LA SEÑORA BOVARY (Gustave Flaubert, 1856-1857)


Benito Arias

   Vamos con Flaubert y su mejor libro. No lo había releído desde mi primera vez, allá por el 85. Va a ser verdad que hay lecturas según edades, como defendía Hume, y escritores también. Flaubert es para mayores; resulta demasiado frío para los jóvenes.
   Quiero aclarar que no me he enamorado de Emma, a diferencia de Vargas Llosa, del que también he repasado estos días su precioso ensayo "Una pasión no correspondida"; pero entiendo que despierte ensoñaciones calenturientas, es como esas mujeres que lo tienen todo y sin embargo no nos cuajan, con la diferencia de que Emma no lo tiene todo: es caprichosa, cursi, atolondrada y por supuesto manirrota; aunque también simpática y ardiente. Si es tan apasionada en el amor físico es porque vive para el amor, no separa el alma y el cuerpo, hace lo que puede para su época, se aprovecha de esa nulidad que tiene por marido y en general manipula a los hombres, menos a Rodolphe, que la deja en el último momento. Su marido Charles y Léon beben los vientos por ella, y el lector lo entiende por pasajes como éste: 

   Se desnudaba con violencia, arrancando la cinta estrecha del corsé, que le silbaba alrededor de las caderas como una culebra que pasara escurriéndose. Iba de puntillas a comprobar otra vez que la puerta estaba cerrada y, después, dejaba con un único ademán que toda la ropa cayera junta; y, pálida, callada, seria, se desplomaba contra el pecho de Léon con un prolongado escalofrío (pág. 323)

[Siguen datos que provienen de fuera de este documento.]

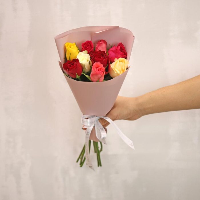 Букет из 9 роз мини яркий микс 35-40 см (Кения) в упаковке
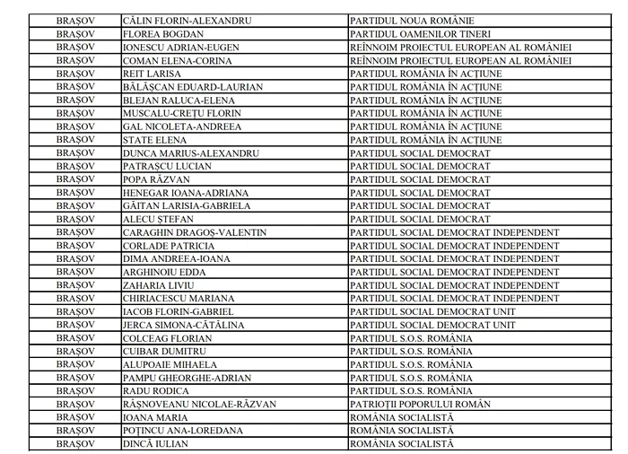 Pe lista pentru Senat, din partea județului Brașov, sunt 80 de candidați, după cum urmează:
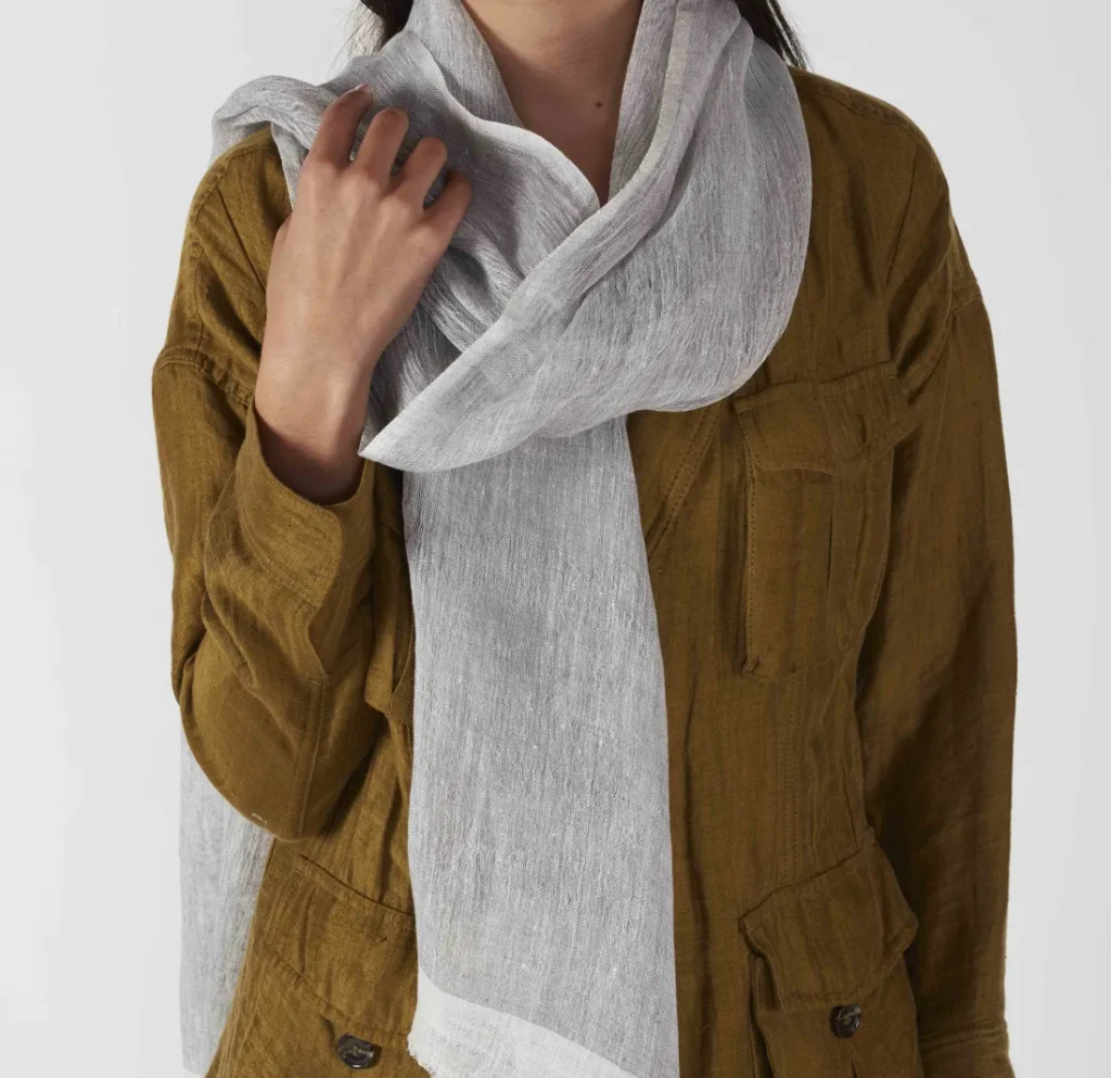 The Telba scarves and shawls are made from imported Belgian flax fibers that Sabahar imports and then weaves on traditional looms. The shawls feature a raw edge trim.
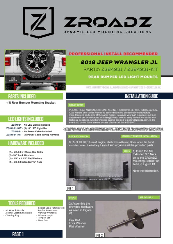 - Incl. [1] 10 Inch ZROADZ LED Single Row Slim Light Bar
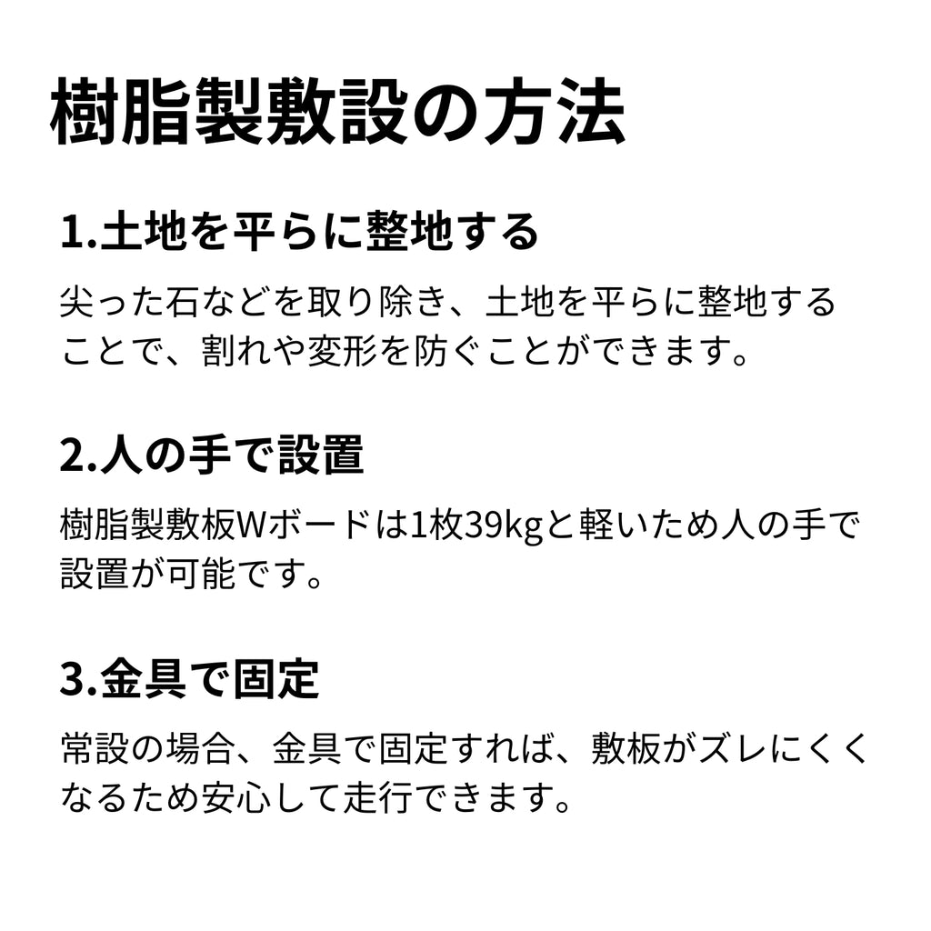 ●敷板を固定する場合はアンカーや杭で連結・固定、または番線を利用し敷板を連結、又は鉄板でWボードの端を敷き込むなどして固定して下さい。

   He leído la traducción de María Teresa Gallego Urrutia en Alba. Es muy buena, aunque la edición de Alianza la sigo conservando por la selección de cartas, y porque fue la primera.
  Ya digo que Flaubert no es de mis autores predilectos. Algún día espero terminar su exasperante La educación sentimental, pero lo llevo con calma; los cuentos me dejan indiferente; la correspondencia me resulta monótona y obsesiva, sus otras novelas no llegan al nivel de la que le ha dado fama universal. El libro de Jordi Llovet con fragmentos selectos me gustó mucho, se llama Razones y osadías, y lo editó Edhasa en su colección de aforismos.
   ¿Está justificada la posición de Madame Bovary en la historia?  Por supuesto que sí, es todo un clásico: eso ya lo han dejado claro los críticos profesionales y sus iguales escritores, sobre todo el más autorizado (por adelantado, por extranjero, por altura artística) de entre todos ellos, Henry James. Para mí, es una novela admirable, aunque no me ha absorbido la atención como otras novelas objetivamente peores logran hacer a cada rato. La perfección formal, indiscutible, le resta quizás algo de pulso al relato, y en lugar de una novela sobre nada, parece más bien querer serlo sobre todo: social e íntima, costumbrista y psicológica, moralista y libertina... Eso provoca que uno rechace el aspecto que no le interesa tanto. Un ejemplo es el celebrado capítulo de la feria, que tanto antes como ahora me ha parecido una lata. A cambio, capítulos igualmente célebres como el del paseo en coche por las calles de Ruán me han parecido fantásticos. Mi última queja es el aspecto económico del relato, la detallada jerga legal sobre pagarés y herencias, deudas y temblores, es un apartado necesario, pero fatigoso, seguramente porque en el fuero interno me hallo más cómodo en el bando de los románticos que en el de los realistas. Lo mejor, lo más perdurable de todo, es el retrato de esa mujer que, mientras leía, se me antojaba tener al lado, inmersa en sus folletines y presa de la agitación, como si fuera a encontrarse al caer de la noche con su amante.